Pronounced Joe Ha, with the accent on Ha, this underdog doesn't really promise big laughs. The punch lines are anticlimactic, the situations silly, the scope limited. Joha, in fact, in many of the tales, has no money, no work, no food, nothing but a donkey, or an olive he keeps chasing around the plate to get on his fork. And yet Joha is Joha; when his Turkish friend gets the olive with one deft stab, he cheerfully says, "Don't forget, if I hadn't fired it out you would never have managed to catch it."
Reading through this collection, we go from one tricky quandary to the next. When you write the number three hundred thirty-three, which three do you put first? Do you sleep with your beard under the covers or on top? At the end of the final Ne'ilah prayer, which word is it, echad or acher, and as soon as you've got the answer the two words keep going back and forth in your head, so you've got to chase the rabbi to ask him again, and again--and again. How do you get the rich man to serve you the big fish instead of the little one, when he charitably invites you to Shabbat dinner? And what do you do, when beneath a big ugly stone you find a bag of gold, and suddenly you are the rich man? If you are Joha, you keep a fancy little box with dung in it, and each day you open it to remind you of what it was like to have nothing.
Joha is the self before the self was invented.
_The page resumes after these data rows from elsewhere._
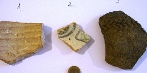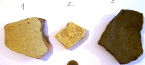 Le 2, peut-être un fragment d'assiette ou de récipient, le 3 à l'air plus intéressant avec son décor en chevrons, peut-être médiéval ?
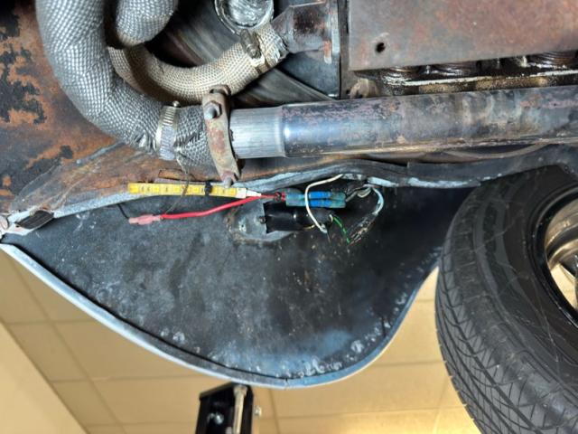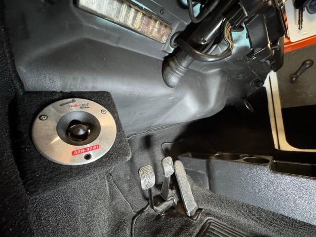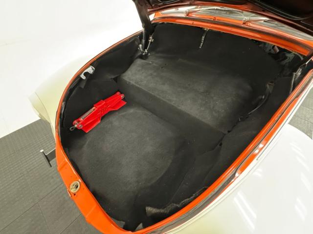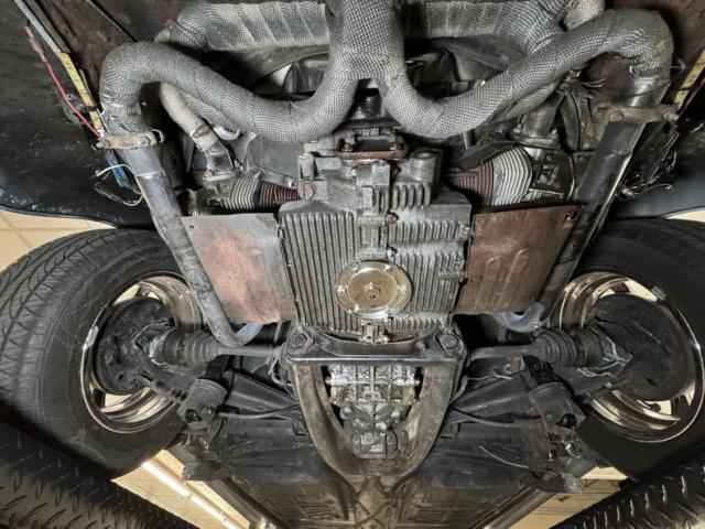 Generally clean underneath with typical surface rust, patina, and a clean, prominent belly pan. We note some gunk build up on the transaxle and some cut out and patched metal. Dual exhausts are heat wrapped and flow through a stock style muffler that emits two chrome tailpipes. Brakes are onboard as front disc and rear drum and the lowered suspension included MacPherson struts up front and a transverse torsion bar in back with semi trailing arms.
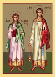 کالیوپیوس در پنجشنبهی مقدس مصلوب شد و مادرش زیر صلیب ایستاده، خدا را شکر میکرد. دو روز بعد، وقتی جسد او را پایین آوردند، مادرش بر بدن او افتاد و همانجا جان داد. بدینگونه، این دو با هم به حضور پادشاه جلال رفتند. آنان در سال ۳۰۴ میلادی به شهادت رسیدند.
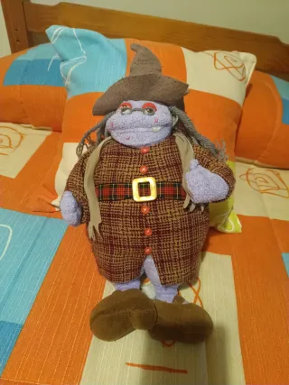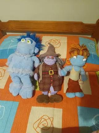 Tres peluches de los Lunnis, personajes de la televisión infantil. Se pueden vender por separado 5€ cada uno - Peluche azul con pelo azul y detalles blancos. - Peluche morado con sombrero de bruja y traje a cuadros. - Peluche azul con pelo naranja y falda marrón.

He is the self with no self, no borders or boundaries. He is the fool liberated from the terrible fear that plagues most people most of the time--the fear of looking foolish. Sent to buy sweets, he eats all but one before he gets home, and when asked how he could do that, he demonstrates by eating the last one. He lights all the matches to make sure they all work. He talks to his donkey and to the train. He stamps the behinds of...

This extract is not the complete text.